12. Die Kosten- und Entschädigungsfolge richtet sich nach den Bestimmungen des entsprechenden Absatzes der Zivilprozessordnung (§ 52 GSVGer). Gemäss § 64 Abs. 1 und 2 der Zivilprozessordnung werden die Gerichtskosten in der Regel der unterliegenden Partei auferlegt. Obsiegt keine Partei vollständig, werden die Kosten verhältnismässig verteilt. Bei einem Streitwert von rund Fr. 2'300.-- ist diese auf Fr. 360.-- anzusetzen. Da die Klägerin materiell in der Sache obsiegt, rechnerisch indessen nur rund die Hälfte des eingeklagten Betrages zugesprochen erhält, rechtfertigt es sich, dass die Kosten den Parteien je zur Hälfte auferlegt werden.
Das Schiedsgericht erkennt:
1. Die Klage wird teilweise gutgeheissen und die Beklagte verpflichtet, der Klägerin für zuviel bezahlte Rechnungen betreffend Inkontinenzprodukte von vier Pensionärinnen Fr. 1544.60 zurückzuerstatten.

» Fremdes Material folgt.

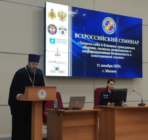Клирик храма в честь Смоленской иконы Божией Матери в Фили-Давыдково священник Владимир Хажомия в учебно-методическом центре г. Москвы совершил молебен «О призывании помощи Святаго Духа перед началом всякого дела» для преподавателей, учителей и учащихся, участников Всероссийского семинара по теме: «Защити себя и близких: гражданская оборона, сигналы оповещения и информационная безопасность в повседневной жизни».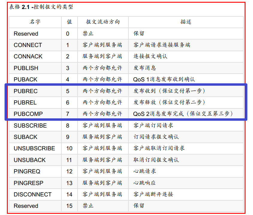 这是最高等级的服务质量,消息丢失和重复都是不可接受的。使用这个服务质量等级会有额外的开销。QoS = 2使用PUBREC、PUBREL、PUBCOMP,即发布收到、发布释放、发布完成来实现。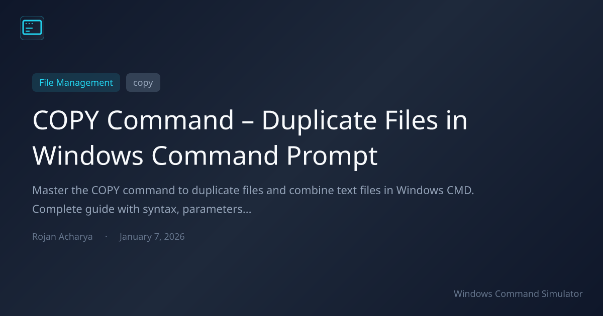 Master the COPY command to duplicate files and combine text files in Windows CMD. Complete guide with syntax, parameters, examples, and best practices.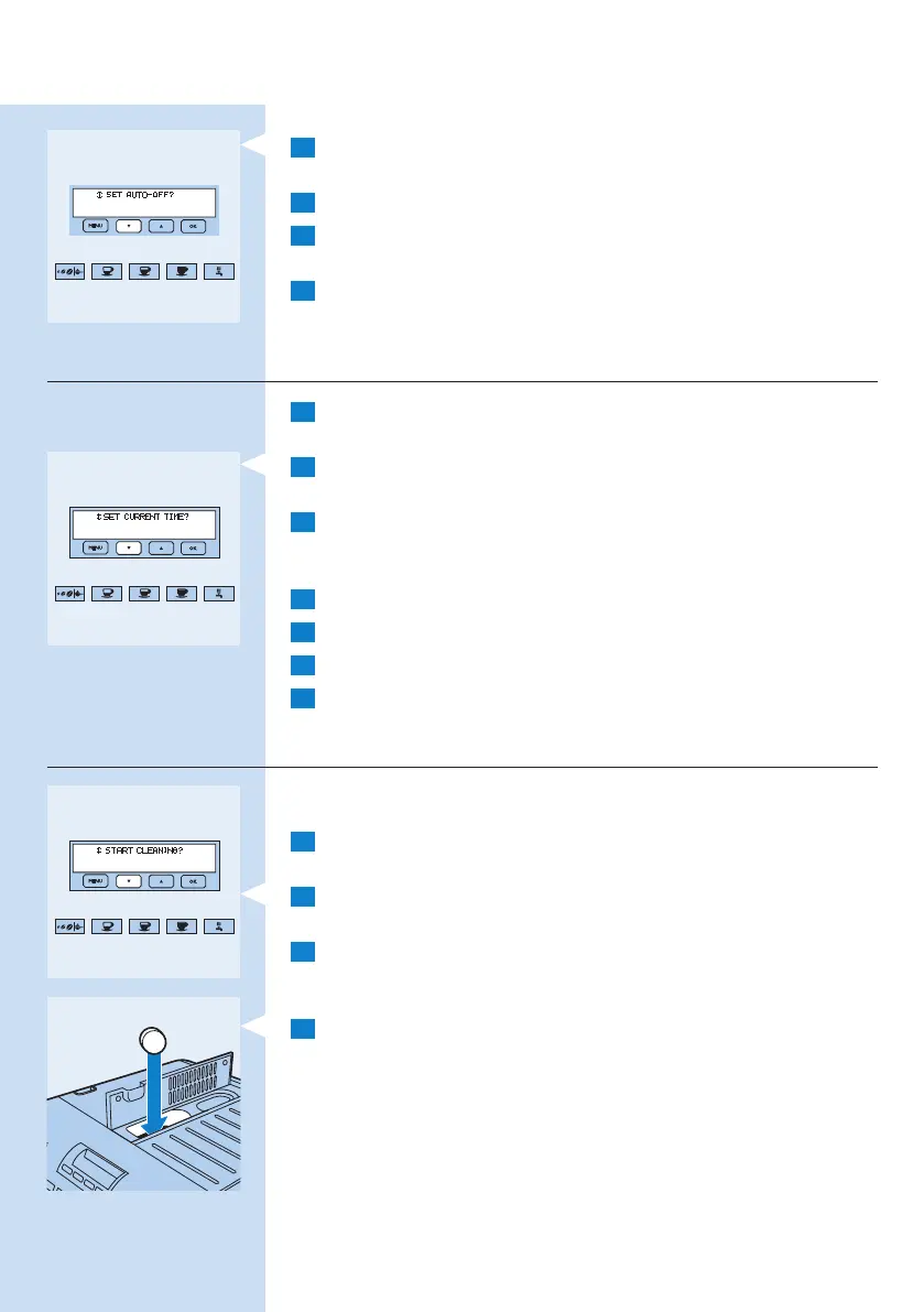 2 Tryk på ^-knappen, indtil meddelelsen “START CLEANING?”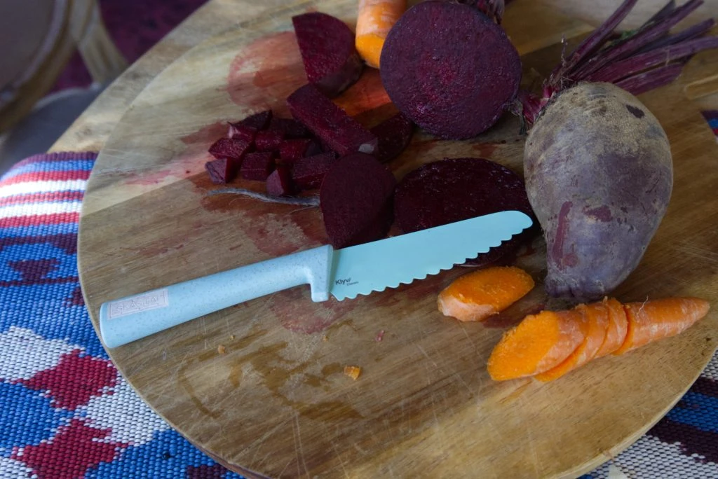 Je navržen pro děti od 3 let, které už jsou dostatečně zručné pro práci s nožem a jsou připravené na větší přesnost, kontrolu a samostatnost. Čepel je funkční a efektivní pro krájení běžných surovin, přesto je nůž navržen s důrazem na bezpečné používání – vždy však pod dohledem dospělé osoby.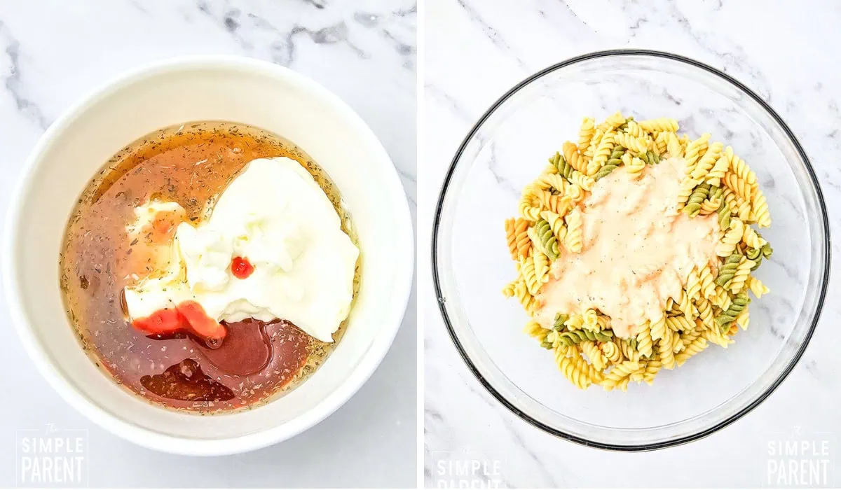 - Mix the mayonnaise, Italian dressing and sriracha together in a small bowl and pour over the noodles. Stir well to coat the noodles.

2. Die Kosten des Verfahrens, bestehend aus:
Spruchgebühr: Fr. 360.--
Schreibgebühren: Fr. 230.--
Vorladungsgebühren: Fr. 60.--
Zustellungsgebühren: Fr. 190--
Total: Fr. 840.--
werden den Parteien je zur Hälfte aufgelegt. Rechnung und Einzahlungsschein werden der Kostenpflichtigen nach Eintritt der Rechtskraft zugestellt.
3. Zustellung gegen Empfangsschein an:
- V.___
- Vorsteher des Departements B.___
- Bundesamt für Gesundheit
- Gesundheitsdirektion des Kantons Zürich
sowie an:
- Gerichtskasse (nach Eintritt der Rechtskraft)
4. Gegen diesen Entscheid kann innert 30 Tagen seit der Zustellung beim Eidgenössischen Versicherungsgericht Verwaltungsgerichtsbeschwerde eingereicht werden.
Die Beschwerdeschrift ist dem Eidgenössischen Versicherungsgericht, Schweizerhofquai 6, 6004 Luzern, in dreifacher Ausfertigung zuzustellen.
Die Beschwerdeschrift hat die Begehren, deren Begründung mit Angabe der Beweismittel und die Unterschrift der beschwerdeführenden Person oder ihres Vertreters zu enthalten; die Ausfertigung des angefochtenen Entscheides und der dazugehörige Briefumschlag sowie die als Beweismittel angerufenen Urkunden sind beizulegen,
soweit die beschwerdeführende Person sie in Händen hat (Art. 132 in Verbindung mit Art. 106 und 108 OG).